Vegetation fraction ancillary file problem revisited

Reported by: charlie Owned by: um_support
Component: UM Model Keywords:
Cc: Platform: NEXCS
UM Version: 10.7

Description

Hi,

Right then, we have now finally come back to the error that I originally asked about in ticket #2495 (specifically comment 6). In the previous ticket, I mistakenly thought this error was due to the aerosol emissions files being changed but, as Grenville rightly pointed out, I was changing lots of things all at once - specifically all the aerosol emissions files AND the vegetation fraction ancillary.

I have now resolved the aerosol emissions problem (thanks to Luke and ticket #2546), so have returned to the vegetation fraction problem.

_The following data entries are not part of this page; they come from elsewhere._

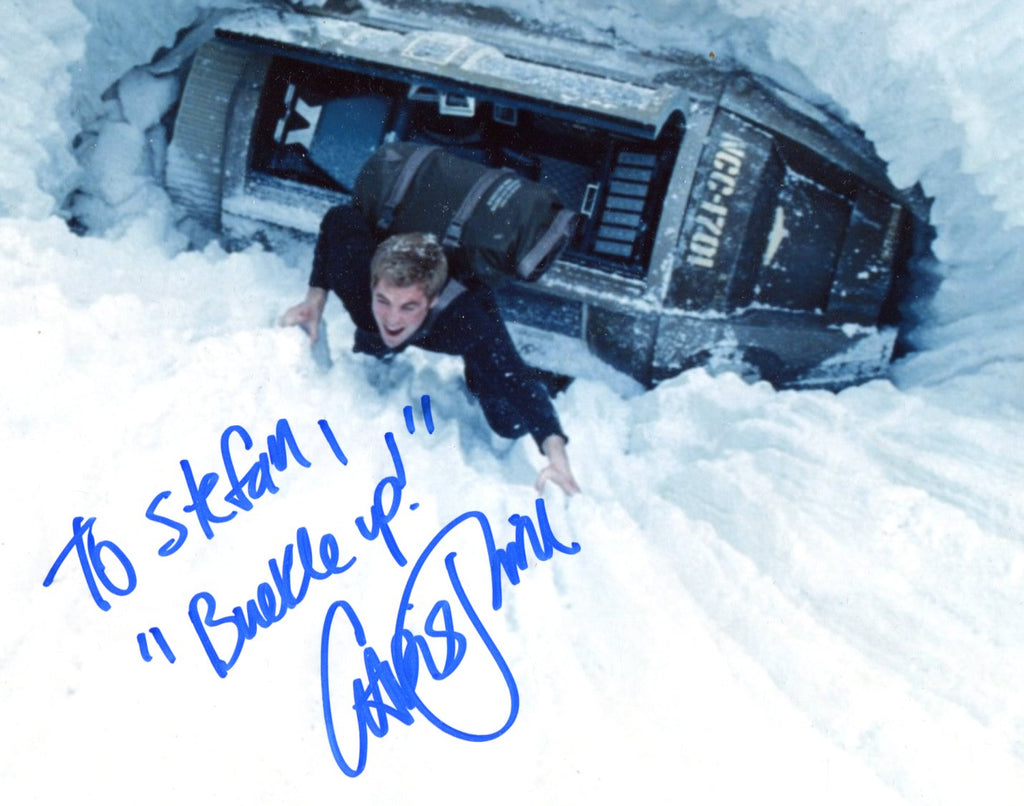 IP signed photograph, shows Chris Pine in a film scene, 10 x 8 inch, signed and inscribed in blue felt tip "To Stefan - "Buekle up!" - Chris Pine", obtained In-Person, in very fine condition.
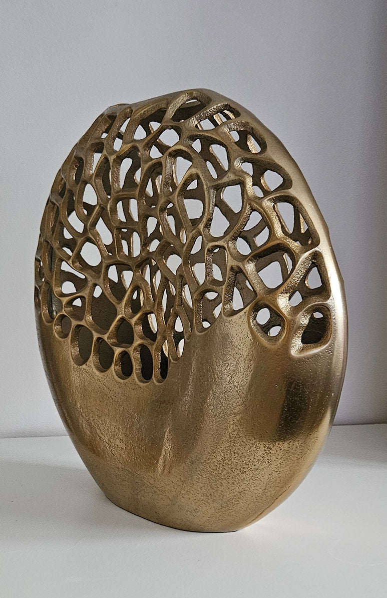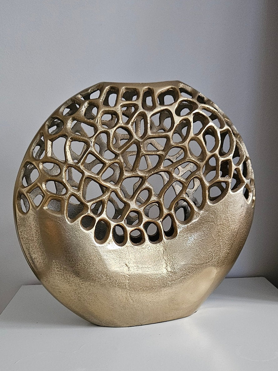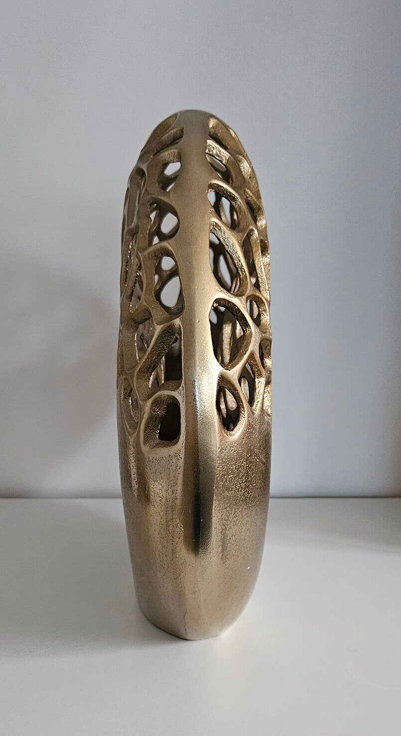 Whether displayed on its own or filled with artifical flowers, this metal vase effortlessly merges form and function. Elevate your decor with this statement piece, where craftsmanship meets aesthetic innovation.
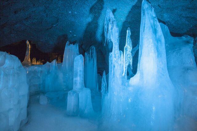 天井からしみ出した水滴が凍ってできた美しい氷柱は、必見です。
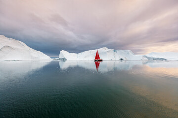 Reflection of a red sailing boat in front of a giant white iceberg with moody clouds in Ilulissat Icefjord in Greenland
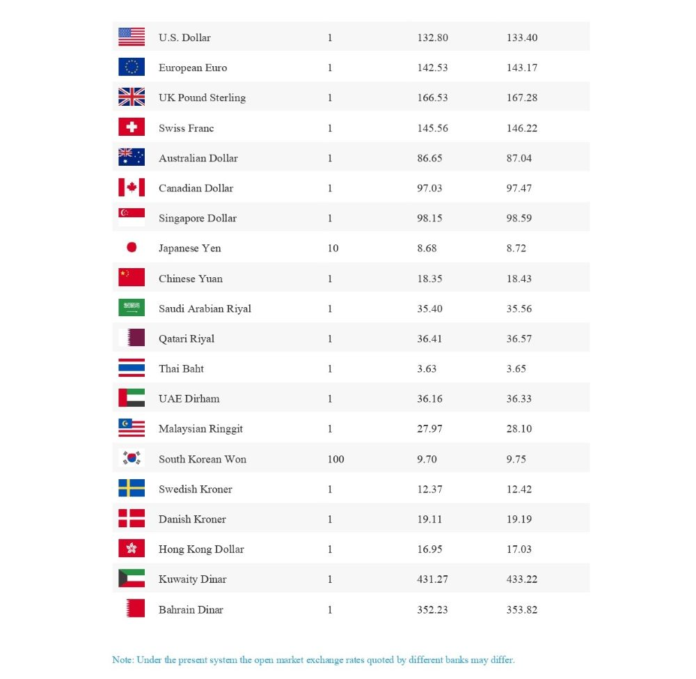 त्यस्तै, यूरोको विनिमय मूल्य भने घटेको छ । बिहीबार १४४ रुपैयाँ २६ पैसा र बिक्री दर १४४ रुपैयाँ ९१ पैसाले कारोबार भएकोमा राष्ट्र बैंकले शुक्रबारका लागि यूरो एकको खरिद दर १४२ रुपैयाँ ५३ पैसा र बिक्री दर १४३ रुपैयाँ १७ पैसा तोकेको छ ।
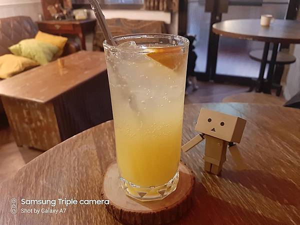 柳橙氣泡飲~~這杯色澤還蠻漂亮的~~拍起來乍看之下還蠻像調酒的ww~這杯攪拌後喝起來還蠻清爽的~~還有柳橙天然的香氣跟甜味~~這杯我覺得還不錯~~而且喝完後也難得讓我晚上的食慾給整個打開了ww
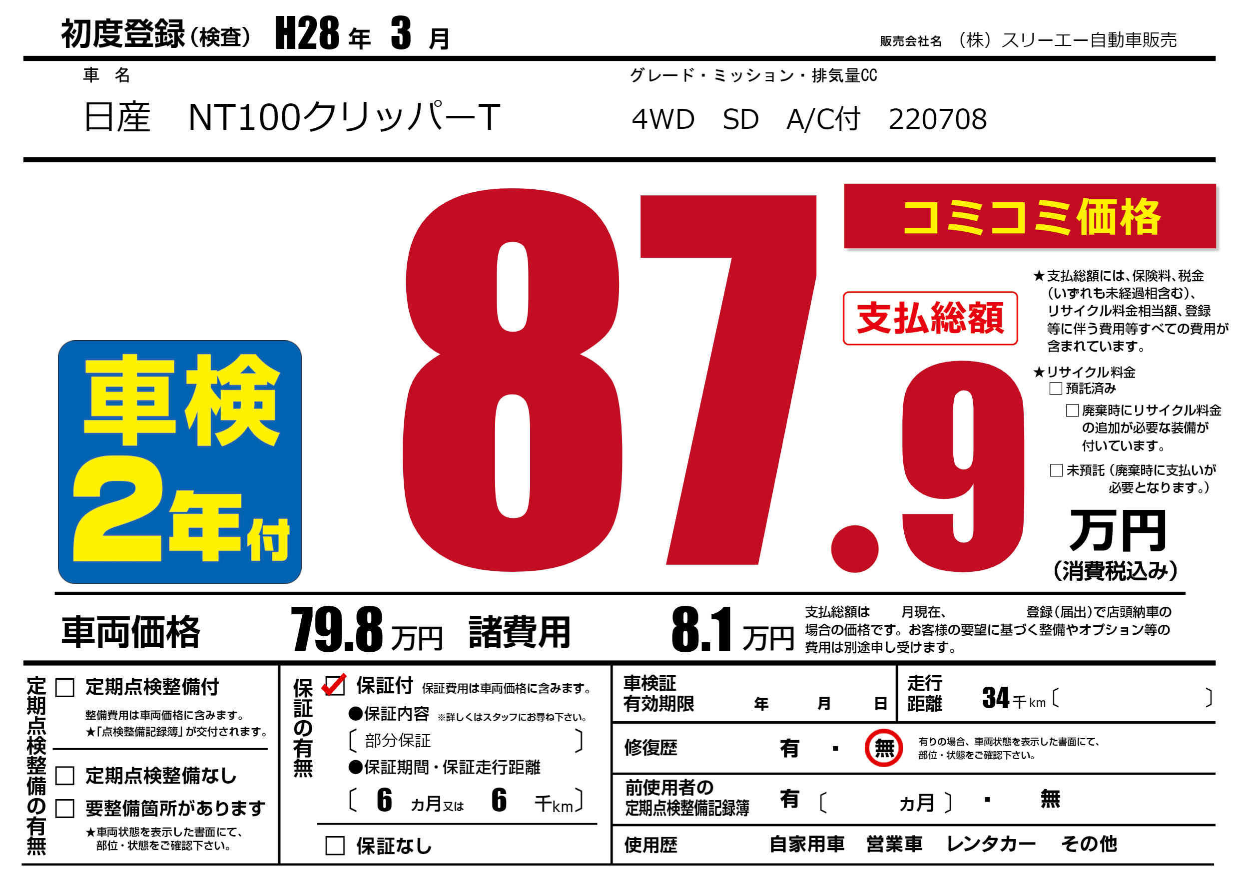 保証付き 保証内容(部分保証) 6ヶ月または(6)千kmまで |
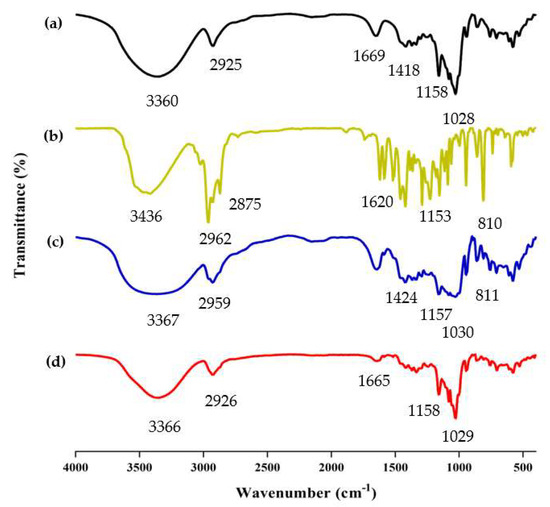 The spectrum of β-CD is presented in Figure 4a. The absorption peaks at 3360 cm−1 and 2925 cm−1 were assigned to O-H and C-H stretching vibrations, respectively [39]. The absorption peak at 1669 cm−1 was assigned to H-O-H stretching. The peaks at 1158 and 1028 cm−1 represented the vibrations of the C-O-C symmetrical and asymmetrical stretching, respectively [40,41]. Due to the presence of multiple components, the EO shows multiple absorption peaks. As shown in Figure 4b, the EO shows absorption bands in the range of 3200~3500 cm−1, which were related to the presence of -OH stretching. The two peaks at 2875 cm−1 and 2962 cm−1 were the C-H vibrational couplings of -CH2. The peaks at 1620, 1584, and 1513 cm−1 were assigned to the C=C stretching of the benzene ring of aromatic substances, such as carvacrol and thymol [42]. Compared with β-CD/EO IC, the absorption peaks of PM at 2959 cm−1 and 1030 cm−1 were redshifted, and the vibration intensity was weakened (Figure 4c). However, the peak intensity of β-CD/EO IC was slightly changed and was similar to β-CD in the range of 400 cm−1 to 1500 cm−1. Additionally, there were three peaks with weak stretching at 1516~1621 cm−1 owing to the bands for EO being obscured by strong and broad β-CD bands (Figure 4d) [43]. Furthermore, the peaks of β-CD/EO IC shifted at 3365 cm−1 and weakened at 1165 cm−1 [6,44]. Compared with β-CD/EO IC, the characteristic absorption peaks of EO almost totally disappeared at 500~1600 cm−1, and there were no new peaks observed. These changes indicated that the β-CD/EO IC had successfully formed via non-covalent bonds, such as hydrogen bonds [45,46].
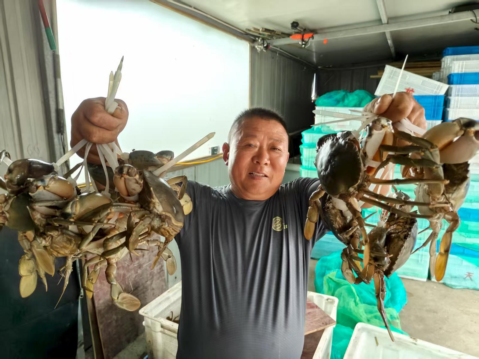 没有梭子蟹“横行霸道”,海水池塘降了水质、少了活力、减了效益。2016年起,张义春通过浙江客户,致力于寻求新的能与白虾相融共生的替代品种。在历经鱼、贝、蛤、蟹等多个品种引进试验后,2020年,他终于成功找到突破口:“池塘‘阴阳水’,能促成锯齿青蟹长成更大个体、更肥肉质、更鲜味道,品质产量居然比原产地还高出一筹。”他介绍,相较于梭子蟹,青蟹在塘内生长时间缩短一个半月,个体大了将近1倍,产量增幅约50%,效益提升三成以上。
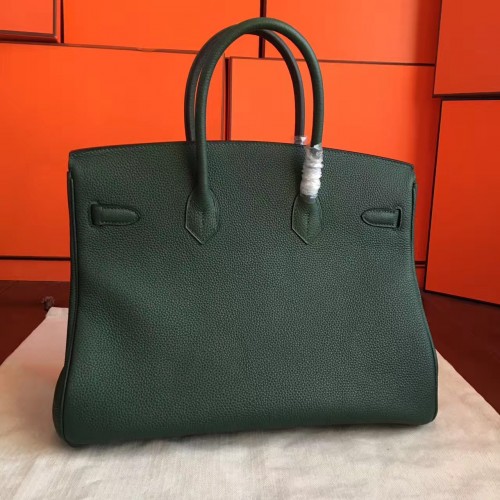 Hermes Vert Clemence Birkin 35cm Handmade Bag
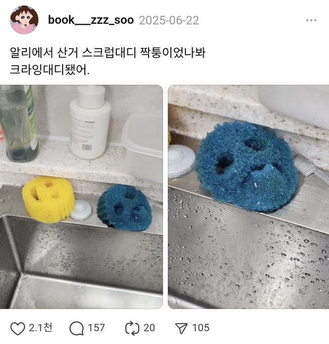 G 비회원 이슈 0 6 0 0 3시간전 알리에서 산 스크럽 대디 짝퉁.jpg 크라잉 대디 ㅋㅋㅋㅋㅋㅋㅋㅋㅋ 출처 : https://m.bboom.naver.com/best/get?boardNo=9&postNo=4358884 0 0 이 글을 SNS로 공유하기
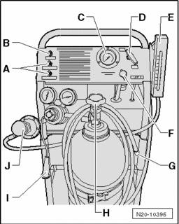 - Connect Vehicle diagnosis, testing and information system VAS 5051B, VAS 5052 or VAS 5053 to vehicle as illustrated.
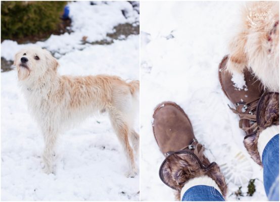 Zimowe torty najokazalej prezentują się na tle zimowych pejzaży. Pogoda jest boska więc połączyłam przyjemne z pożytecznym. Zabrałam Biszkopta do jego kumpla Aleksa. Wariaty biegały przez godzinę po ogrodzie a ja w spokoju (no, powiedzmy, że był spokój) zrobiłam zdjęcia. W każdej chwili mogły staranować statyw z aparatem, prawie strąciły mi torcik z rąk i skakały po mnie jak szalone ale koniec końców udało się okiełznać towarzystwo. Marysia, dziękuję za pomoc. Bez Ciebie zrobienie tej sesji byłoby niemożliwe 🙂 Zapraszam na zimowe ciacho ryżowe, pełne cynamonu i migdałów 😉
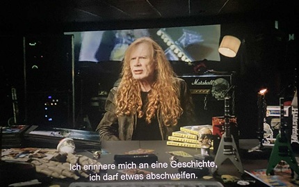 Als Bonus wird noch sein Track „Ride The Lightning“ gebracht, in dem James nur die Lyrics mitgeschrieben habe. Dazu führt Dave an, dass er seinen Frieden mit den Members seiner alten Band, die er alle namentlich erwähnt, geschlossen habe. Das Teil in der Megadeth Interpretation kracht kantiger und kommt klar megadethmäßig. Ganz zum Schluss wird mal die Kameraeinstellung geändert und Dave spricht nun vis a vis in die Linse, nennt uns alle Family und sagt fett Danke für alles. Das kommt sehr ehrlich; wir nehmen ihm das ab. Dieser Film, den Dave einfach ‚Album Listening Event‘ nennt, muss man sich nicht dringend auf DVD holen, ist aber definitiv interessant und kurzweilig. Es soll übrigens zwei Versionen dieses Streifens geben, eine von 108 Minuten und eine von 114, was mit dem Vorprogramm oder regionalen Unterschieden zu tun habe. Wir haben nach unserer Vorführung 109 Minuten gemessen. Aber warum der smarte Film eine FSK 16 Einstufung erhalten hat, ist uns schleierhaft.
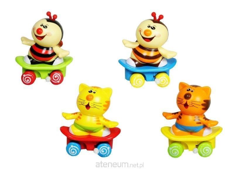 Kolorowe zwierzątka - biedroneczki i kotki na deskorolkach. Po nakręceniu zabawki koła deskorolki zaczynają się kręcić.
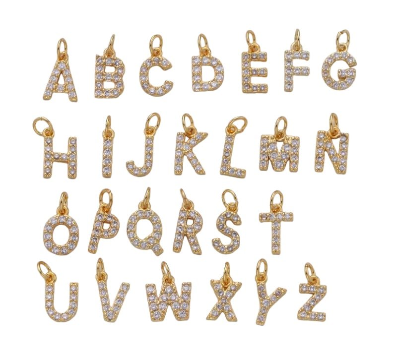 Enhance your jewelry collection with the Alexa Leigh exquisite 14k gold filled crystal letter charms, each measuring 10mm. Perfect for personalization, these charms can be effortlessly added to any bracelet, necklace, or earring, adding a touch of elegance and individuality to your accessories. Elevate your style with these versatile and dazzling charms, designed to complement any ensemble.
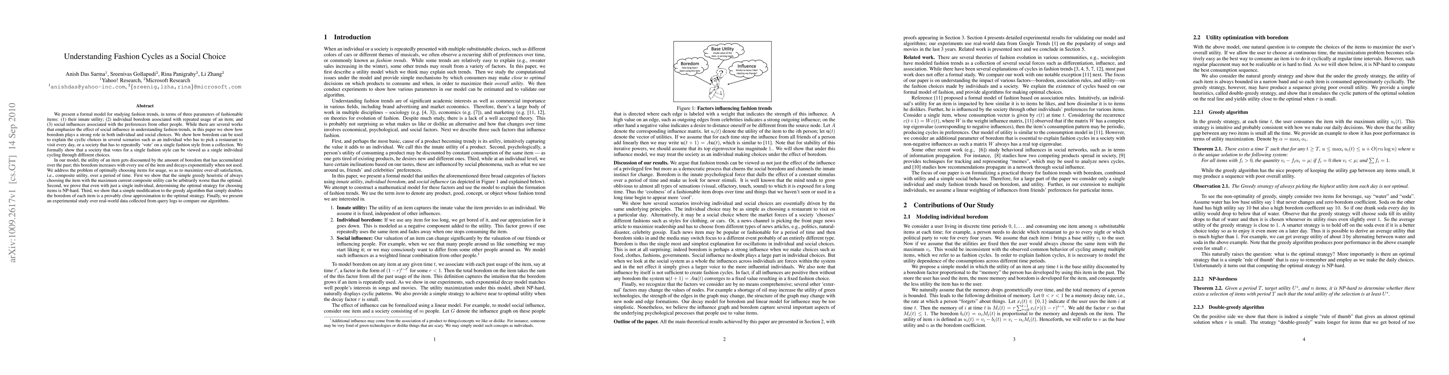 We present a formal model for studying fashion trends, in terms of three parameters of fashionable items: (1) their innate utility; (2) individual boredom associated with repeated usage of an item; and (3) social influences associated with the preferences from other people. While there are several works that emphasize the effect of social influence in understanding fashion trends, in this paper we show how boredom plays a strong role in both individual and social choices. We show how boredom can be used to explain the cyclic choices in several scenarios such as an individual who has to pick a restaurant to visit every day, or a society that has to repeatedly `vote' on a single fashion style from a collection. We formally show that a society that votes for a single fashion style can be viewed as a single individual cycling through different choices. In our model, the utility of an item gets discounted by the amount of boredom that has accumulated over the past; this boredom increases with every use of the item and decays exponentially when not used. We address the problem of optimally choosing items for usage, so as to maximize over-all satisfaction, i.e., composite utility, over a period of time. First we show that the simple greedy heuristic of always choosing the item with the maximum current composite utility can be arbitrarily worse than the optimal. Second, we prove that even with just a single individual, determining the optimal strategy for choosing items is NP-hard. Third, we show that a simple modification to the greedy algorithm that simply doubles the boredom of each item is a provably close approximation to the optimal strategy. Finally, we present an experimental study over real-world data collected from query logs to compare our algorithms.
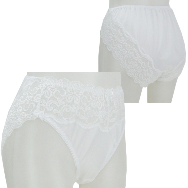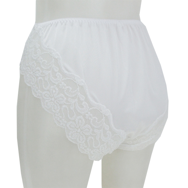 光沢柔らかレース付きフルバック ホワイト LL
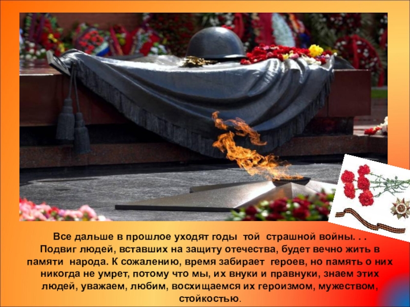 . Подвиг людей, вставших на защиту отечества, будет вечно жить в памяти народа. К сожалению, время забирает героев, но память о них никогда не умрет, потому что мы, их внуки и правнуки, знаем этих людей, уважаем, любим, восхищаемся их героизмом, мужеством, стойкостью.
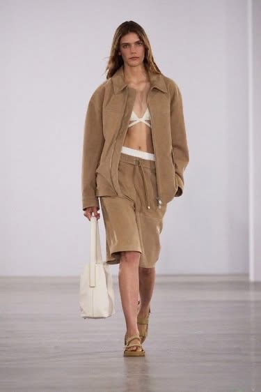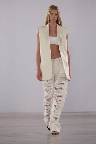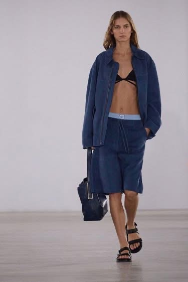 العودة إلى الماضي لم تغب عن المجموعة. شغف Simkhai بالقطع المستعملة والثريفنغ من "روز بول" انعكس بوضوح في القطع ذات الطابع الفينتاج. الجينز الممزق عند الركبتين أضفى جرأة عفوية، فيما جاءت القمصان الجلدية المتجعّدة لتكسر فكرة الكمال وتقدّم أناقة "غير مكتملة" لكنها آسرة. هذا التوازن بين القطع المصقولة وتلك العفوية جعل العرض أكثر واقعية وقرباً من أسلوب حياة المرأة المعاصرة.
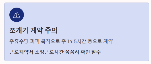 쪼개기 계약 주의 일부 사업장에서는 주휴수당 지급을 피하기 위해 근무 시간을 주 14.5시간 등으로 계약하는 일명 '쪼개기 계약'을 하기도 합니다. 근로계약서 작성 시 소정근로시간을 꼼꼼히 확인하세요.
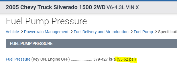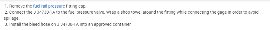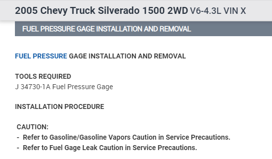 If you look below, I included the directions for attaching the fuel pressure gauge. The last picture provides the manufacturer's pressure specifications.
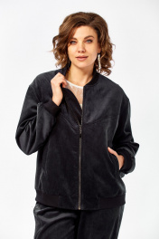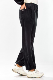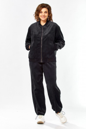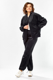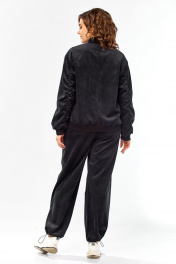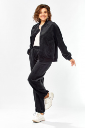 Костюм женский, состоящий из бомбера и брюк, выполнен из вильветовой ткани. Бомбер прямого силуэта, на подкладке. По переду фигурные кокетки, функциональные карманы с листочкой. По спинке средний шов. Горловина, низ и низ рукавов дополнены довязом "кашкорсе". Рукава двухшовные, собранные по локтевому шву. Застежка на молнию.Брюки свободные, прямые. По переду карманы в боковых швах, смещенных в сторону переда. Накладные карманы на задних половинках брюк. Пояс притачной, сосборен на эластичную резинку. Низ брюк обработан резинкой-затяжкой с фиксатором. Длина бомбера: 64см; длина рукава: 56см. Длина брюк: 103см.

My suite is now u-az608, and it runs absolutely fine (I have just finished a test run of 3 years, see ticket #2551). When I then change the vegetation fraction over, however, I again get the error below:

???!!!???!!!???!!!???!!!???!!!       ERROR        ???!!!???!!!???!!!???!!!???!!!
?  Error code: 1
?  Error from routine: EG_BICGSTAB
?  Error message: Convergence failure in BiCGstab, omg is NaN
?        This is a common point for the model to fail if it
?        has ingested or developed NaNs or infinities
?        elsewhere in the code.
?        See the following URL for more information:
?        https://code.metoffice.gov.uk/trac/um/wiki/KnownUMFailurePoints
?  Error from processor: 542
?  Error number: 18
????????????????????????????????????????????????????????????????????????????????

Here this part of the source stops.